EXERCISE INSTRUCTIONS
The full listing, copied exactly and free of pictures, is the expected reply.

DATA EXCERPT

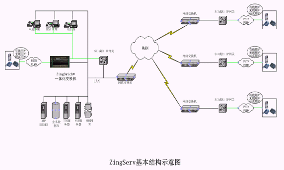 硬件:各點都有ZingSwitch®,S口網(wǎng)關和CO8卡或E1 接口網(wǎng)關和E1卡。
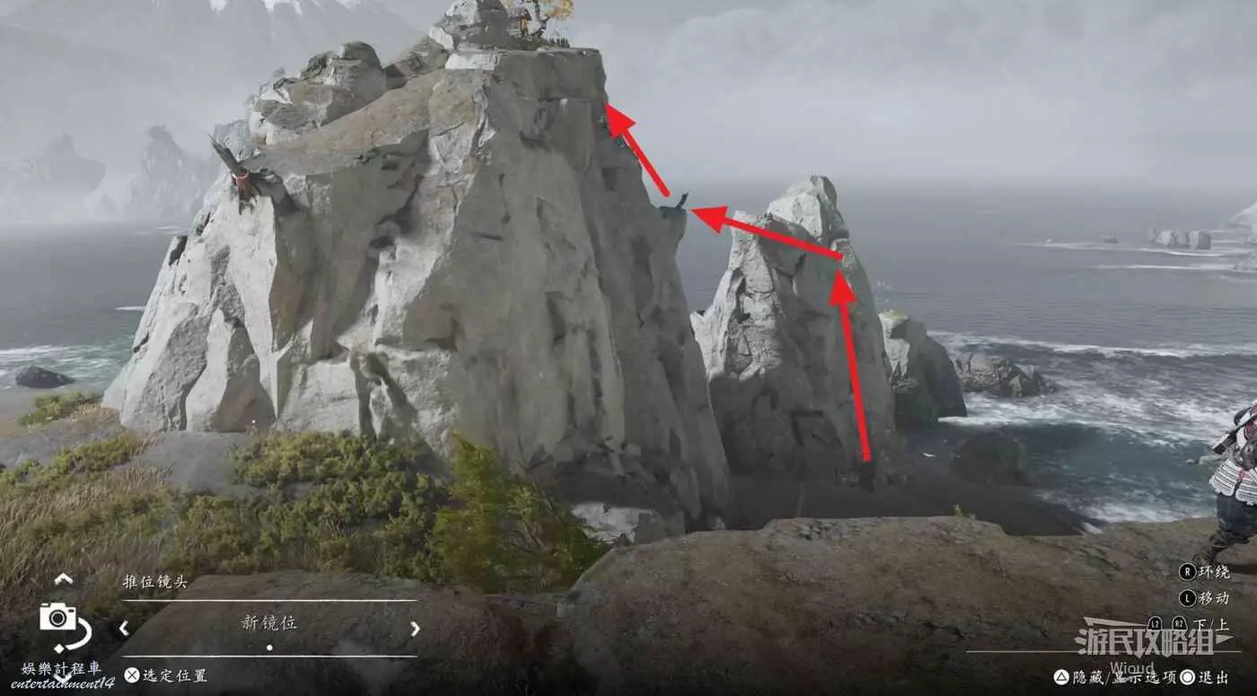 沿著左側海岸邊走,到達目的地直接通過右側山壁上的攀附節點跳到祭壇處。
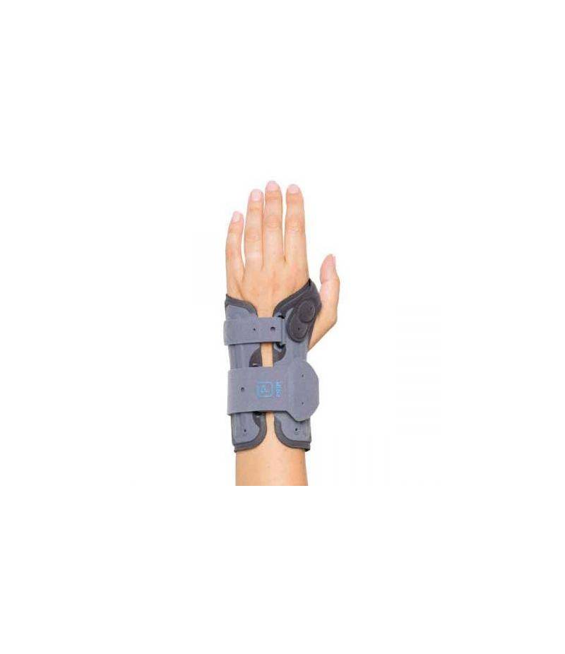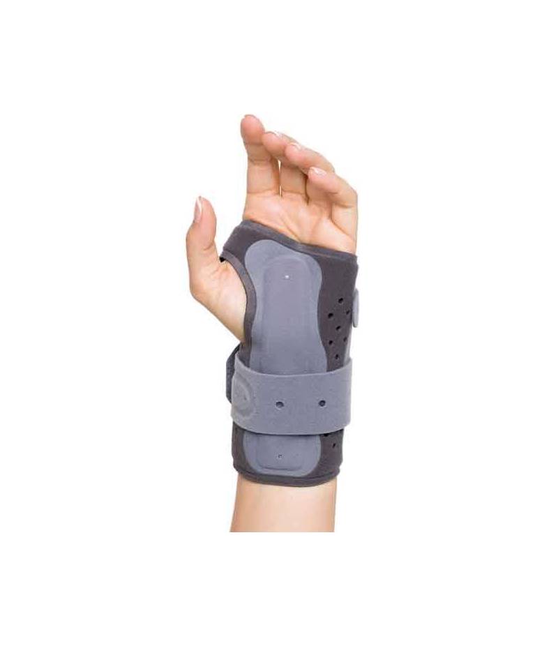 Muñequera derecha que limita la flexión dorso-palmar ayudando a la desinflamación del nervio mediano, gracias a su férula maleable.

WRITTEN RESPONSE
 硬件:各點都有ZingSwitch®,S口網(wǎng)關和CO8卡或E1 接口網(wǎng)關和E1卡。
 沿著左側海岸邊走,到達目的地直接通過右側山壁上的攀附節點跳到祭壇處。
 Muñequera derecha que limita la flexión dorso-palmar ayudando a la desinflamación del nervio mediano, gracias a su férula maleable.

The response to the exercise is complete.